I think it is a very good point.

This might be a minor point, but I still have some objections against a headersOnly option, regardles of whether we implement that as a string arg, a config struct, or—I really like that idea as referenced by @rorycl—a self-referential function options.

Generally, I think that options of the form xOnly, skipY, overrideZ point out design flaws and highlight places that are not flexible enough.
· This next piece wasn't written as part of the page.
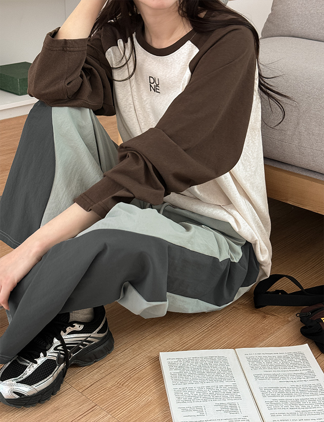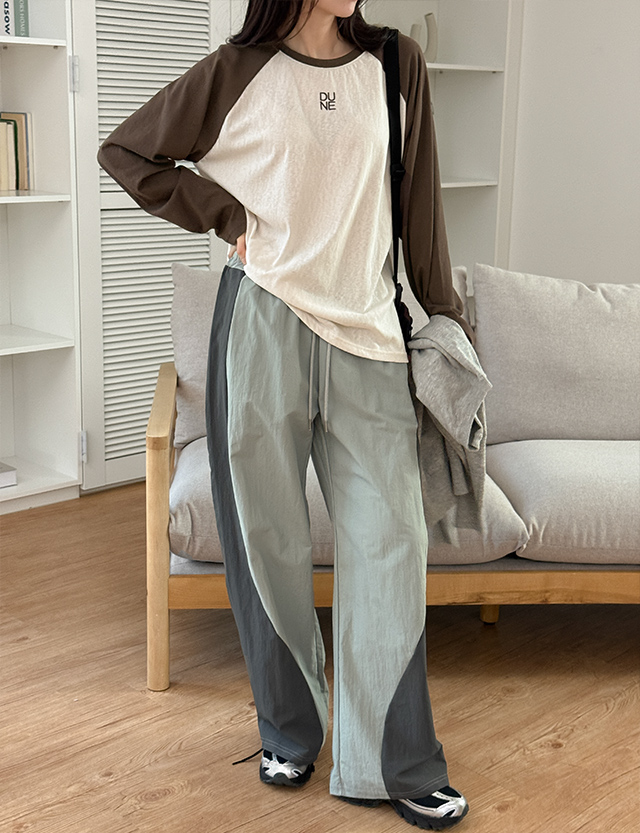 - 넉넉한 와이드핏에사이드 배색 디테일로

I think that we should offer the option to parse headers only, but in a more coherent way, rather than framing it as an exception to the default flow.
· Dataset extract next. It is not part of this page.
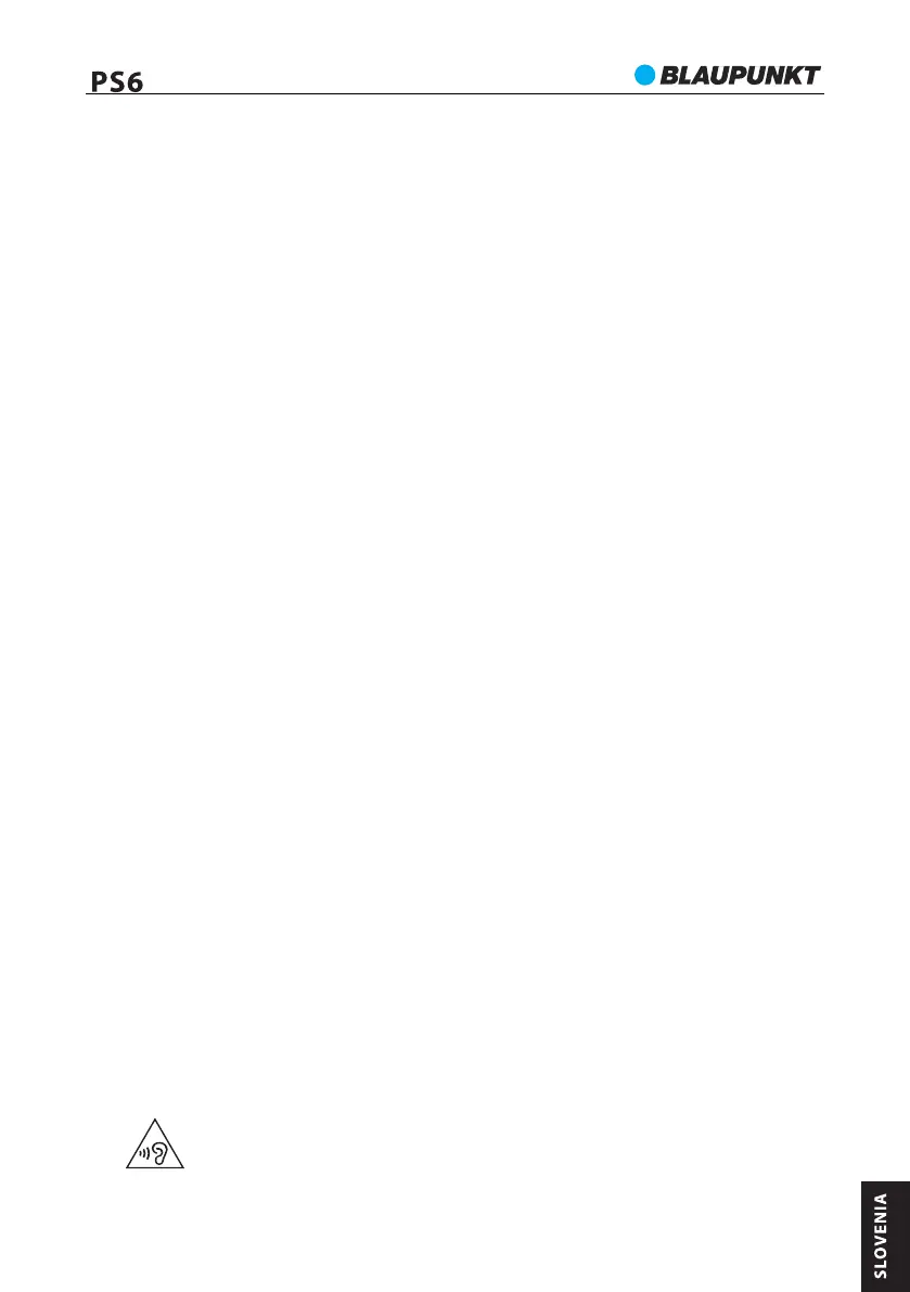 17. Da bi preprečili nevarnost izgube sluha, glasne glasbe ne poslušajte dlje časa.

My current thinking is that we should refactor ParseHeaders and ParseBody as methods on the Email struct.

The default behaviour stays the same: the simplest use case is to parse an email completely by creating an Email instance from a reader:

email, err := letters.ParseEmail(r)
if err != nil {
    log.Fatal(err)
}

but if somebody has a more advanced use case, we can enable them to create an empty Email and parse headers and bodies separately:

var e Email

err := e.ParseHeaders(r)
if err != nil {
	// handle headers parser error
}

err = e.ParseBody(r)
if err != nil {
	// handle body parsing error
}

That way,

e.ParseBody() can be skipped, if needed,
we keep a mostly consistent ParseX(r io.Reader) developer-facing friendly API (at the cost of some additional complexities on our side, like perhaps handling or at least documenting the case of trying to read from the same stream twice);
we hide the use of mail.ReadMessage();
we allow more use cases: the developer can read headers and bodies from wherever they want under whatever conditions they want.
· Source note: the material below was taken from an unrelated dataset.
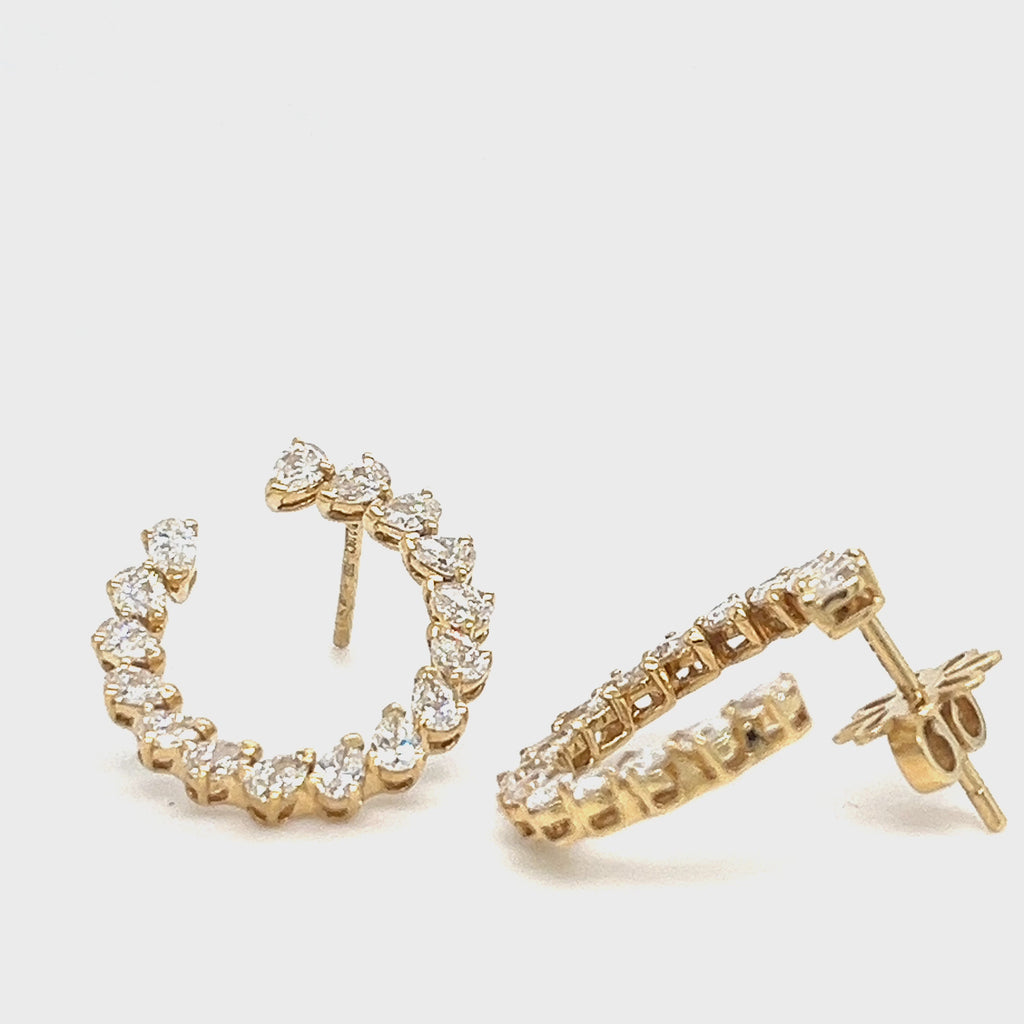 18k gold open circle earrings feature 32 natural white pear shaped diamonds, creating a stunning and elegant look. The unique design accentuates the beauty of each diamond, making them a perfect accessory for any occasion. Elevate your style with these exquisite earrings.

This is a pretty nitty discussion, but we have the luxury of taking the time to build a nice library, so let's try to get this nice and elegant.

Thoughts?

ValleyCrisps · 2024-07-26T10:37:27Z

Thank you for the discussion, I wouldn't have thought of this approach on my own, and I'm learning a lot just by reviewing and reading your comments.

I like the consistency in the method parameters and the logic encapsulation in the proposed solution.
Since we are exploring alternatives, I'd like to hear your opinion on the following points:

Do we need to change the Email struct in order to store partially parsed emails in it? I'm not familiar with optional types in Go, but it feels like we may be weakening our data structure.
Without looking at implementation, it isn't intuitive which fields are being parsed by ParseBody. For example, are attachments included? ContentTypeHeader is another grey area as it must be parsed even for email bodies. To be clear, my point here is about usability more than duplication. Good documentation helps a lot, but self-explanatory function names are even better.
(related to 2.) Have you considered further splitting ParseBody into text (Text, EnrichedText, HTML) and attachments (InlineFiles, AttachedFiles)? In a use-case where performance is a concern, I think skipping attachments would lead to the biggest improvement.

Export letters.ParseHeaders() so that a message can be parsed into em…

5b13aef

…ail headers only. Add test. Update README.md.

mnako self-assigned this Jul 14, 2024

mnako requested review from NikitaKurpas, adomanskagrzyb and ValleyCrisps July 14, 2024 06:11

rorycl mentioned this pull request Jul 15, 2024

Discussion: options and config/state struct #86

Closed

ValleyCrisps approved these changes Jul 17, 2024

View reviewed changes

Provide feedback

Saved searches

Use saved searches to filter your results more quickly

Export `letters.ParseHeaders()` so that a message can be parsed into `letters.Headers` only #85

Export `letters.ParseHeaders()` so that a message can be parsed into `letters.Headers` only #85

mnako commented Jul 14, 2024

ValleyCrisps left a comment

mnako commented Jul 21, 2024

ValleyCrisps commented Jul 26, 2024

Export letters.ParseHeaders() so that a message can be parsed into letters.Headers only #85

Are you sure you want to change the base?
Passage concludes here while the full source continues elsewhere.